A week ago I moved into an apartment. It’s in an area I don’t know very well – about a 20 minute walk from my work. Every day this past week I have spent my walk home stopping in different magazines, seeing what they have to buy, and more importantly, seeing if they pass the откуда test. I was a little sad the first few days to find that many stores were not passing. The most important thing was to find one really close to my apartment that passed. My apartment is in a big square of apartment buildings, and when I first moved in, I saw two magazines. Neither of them passed the test. I was really bummed. But then…. just when I had giving up hope, I noticed one more magazine just one building away from me!

I didn’t need anything at that moment, but I really wanted to do the test. I walked in with butterflies in my stomach and asked for eggs. She asked how many, and filled a bag with eggs. What else? she asked. I was a little sad that it wasn’t immediately откуда but being she was my last hope, I thought I’d meet her half way. I saw some peanuts in a bag, so I pointed and asked for them. What else? she asked again. I was getting a good vibe from her even though she hadn’t asked the question, so I decided to get something else. I asked for snickers. What else? (long pause) Ummm, I replied. I was running out of things I could use – and money!
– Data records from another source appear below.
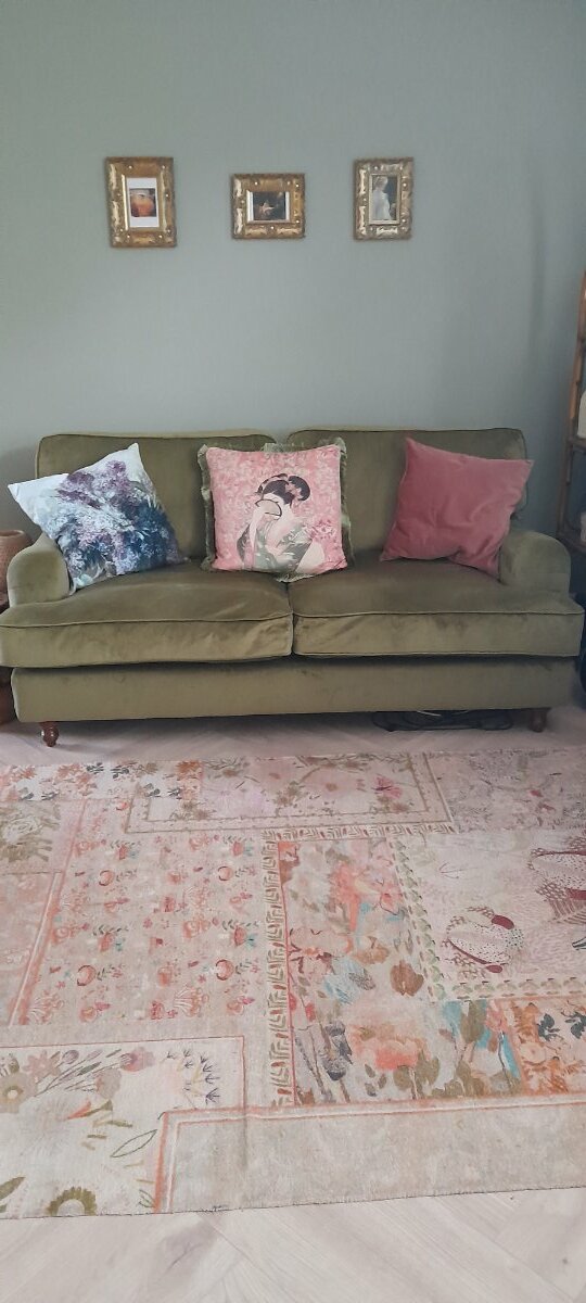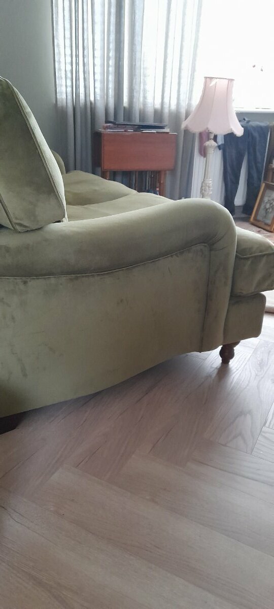 Gorgeous olive green 3 seater. So very comfortable. Took me a long time to find it. Its absolutely like brand new. Only used for 1.5 years by one person-me. Pet smoke airfreshner free home. Unfortunately I have to move and can't take it. Really upset to let it go. Have more photos can send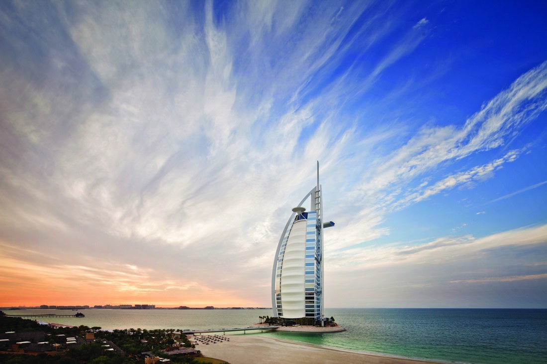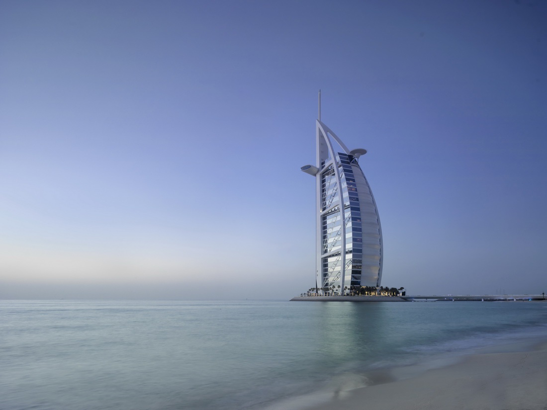Всесвітньо відомий готель Burj Al Arab, який нагадує чудовий величезний корабель з білосніжним полотном, що майорить на південних вітрах, розташувався на відокремленому острові, насипаному у вигляді м'якого трикутника. Узбережжя Перської затоки у цій місцевості вкрите смарагдовими тропічними пейзажами. Цей красень висотою 300 метрів - одна з пам'яток Дубая, що найбільш запам'ятовуються.
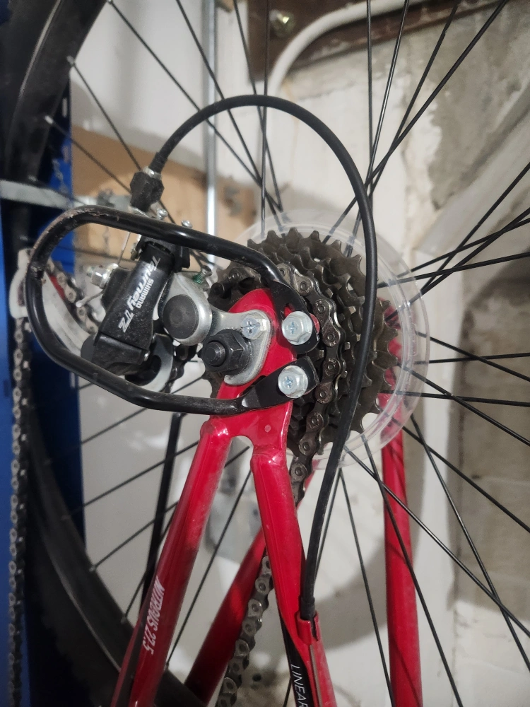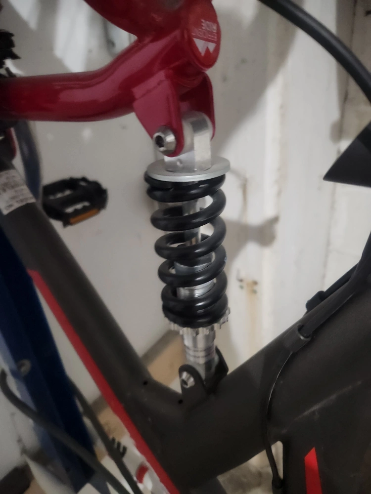 Red mountain bike with duel suspension and linear pull braking system. 27.5 x 1.95 tires.

So looked at some meat and asked for half of the summer sausage (I don’t even really like this.) And then the magic question came – in a slightly different form. “You’re not a local, are you?” I leapt at my chance and replied “No! I’m from America, and I’m working in Kokshetau. I just moved in the apartment next door, so you’ll probably see me often!” She smiled and said, “Come back anytime.”

Mission accomplished. I have my magazine – откуда test qualified. I’m happy to report that in the past three days I have made four trips already for water, juice, milk, and sugar.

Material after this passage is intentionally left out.